# [DATASET EXTRACT]
● ● ● ● ● ● ●

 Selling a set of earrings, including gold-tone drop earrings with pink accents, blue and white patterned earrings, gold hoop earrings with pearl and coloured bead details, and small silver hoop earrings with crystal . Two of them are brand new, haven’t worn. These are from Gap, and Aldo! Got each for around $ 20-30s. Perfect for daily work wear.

● ● ● ● ● ● ●

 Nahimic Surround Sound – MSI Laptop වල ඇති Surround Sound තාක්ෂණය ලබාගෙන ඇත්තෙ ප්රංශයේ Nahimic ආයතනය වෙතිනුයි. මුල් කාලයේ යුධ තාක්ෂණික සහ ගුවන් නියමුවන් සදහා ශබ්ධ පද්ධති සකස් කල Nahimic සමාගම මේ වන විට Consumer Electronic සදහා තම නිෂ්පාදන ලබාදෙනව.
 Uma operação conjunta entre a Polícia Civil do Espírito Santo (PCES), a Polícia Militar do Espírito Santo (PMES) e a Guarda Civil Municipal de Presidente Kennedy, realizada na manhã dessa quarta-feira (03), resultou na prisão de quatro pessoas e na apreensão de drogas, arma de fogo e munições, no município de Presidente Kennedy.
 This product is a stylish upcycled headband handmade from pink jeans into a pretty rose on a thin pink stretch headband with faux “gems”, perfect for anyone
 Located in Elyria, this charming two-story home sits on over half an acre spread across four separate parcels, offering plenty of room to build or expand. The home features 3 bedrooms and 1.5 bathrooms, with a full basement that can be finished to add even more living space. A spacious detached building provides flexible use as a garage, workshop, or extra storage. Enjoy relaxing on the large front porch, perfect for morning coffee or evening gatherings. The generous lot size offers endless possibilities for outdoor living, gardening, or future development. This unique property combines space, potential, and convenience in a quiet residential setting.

● ● ● ● ● ● ●

Above are the records; from them, give again exactly the lines from the one containing "Uma operação conjunta" to the one containing "This product is", both lines included, and nothing more.

 Uma operação conjunta entre a Polícia Civil do Espírito Santo (PCES), a Polícia Militar do Espírito Santo (PMES) e a Guarda Civil Municipal de Presidente Kennedy, realizada na manhã dessa quarta-feira (03), resultou na prisão de quatro pessoas e na apreensão de drogas, arma de fogo e munições, no município de Presidente Kennedy.
 This product is a stylish upcycled headband handmade from pink jeans into a pretty rose on a thin pink stretch headband with faux “gems”, perfect for anyone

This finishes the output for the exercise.